Petroamazonas has pledged to use "state of the art" roadless technology to drill, but aerial photographs have shown the company building a secret oil access road into Yasuni National Park. The state-run company has been responsible for a series of spills in recent years, including one in 2014 that turned the Aguarico River black with crude and affected indigenous communities all the way to the Peruvian border. Oil spills are rampant in Ecuador's Amazon. Between 2000 and 2010, Ecuador's Ministry of the Environment reported an oil spill nearly every week. Civil society puts the number at two to three times that many.
The Ecuadorian government has also turned a blind eye to its own constitution, which affords special protection to the Tagaeri-Taromenane, declaring extractive activities "shall be forbidden" in territories of isolated indigenous peoples and constitute ethnocide. Both groups are also subject of "precautionary measures" handed down by the Inter-American Human Rights Commission of the Organization of American States which oblige the state to protect people facing imminent risk. When shopping the Yasuni proposal to prospective donors, the government claimed both nomadic Waorani clans were present in the area above the ITT fields, but newer government maps purport to show that they have conveniently migrated.

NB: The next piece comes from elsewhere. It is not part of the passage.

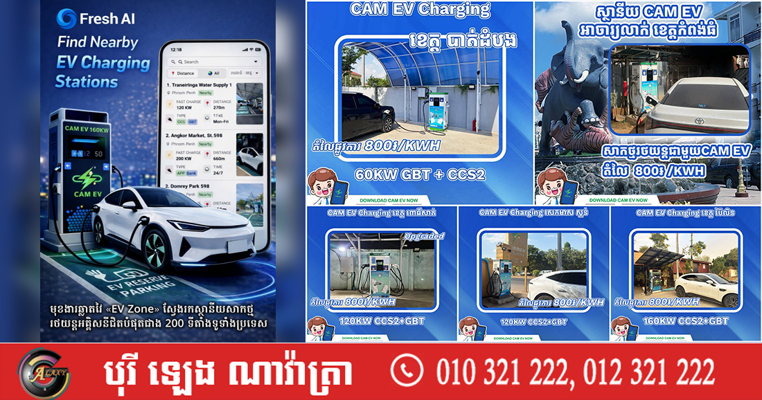 វិបត្តិប្រេងសាំង! ស្ថានីយសាកឡានអគ្គិសនី Cam EV ប្រកាសបញ្ចុះតម្លៃសាកត្រឹមតែ ៨០០រៀល ចំនួន ៥ទីតាំង

California refineries, the largest purchasers of crude from the Ecuadorian Amazon, would be at least partially responsible for the ensuing environmental destruction, rights violations, and possible ethnocide if they continue to process oil from the Amazon.
"We Californians will not be complicit in the ethnocide of isolated indigenous peoples and the destruction of the rainforest," said Adam Zuckerman, Amazon Watch's Amazon Crude Campaign Manager. "We will demand that our refineries stop processing Amazon crude."
Amazon Watch is a nonprofit organization founded in 1996 to protect the rainforest and advance the rights of indigenous peoples in the Amazon Basin. We partner with indigenous and environmental organizations in campaigns for human rights, corporate accountability and the preservation of the Amazon's ecological systems.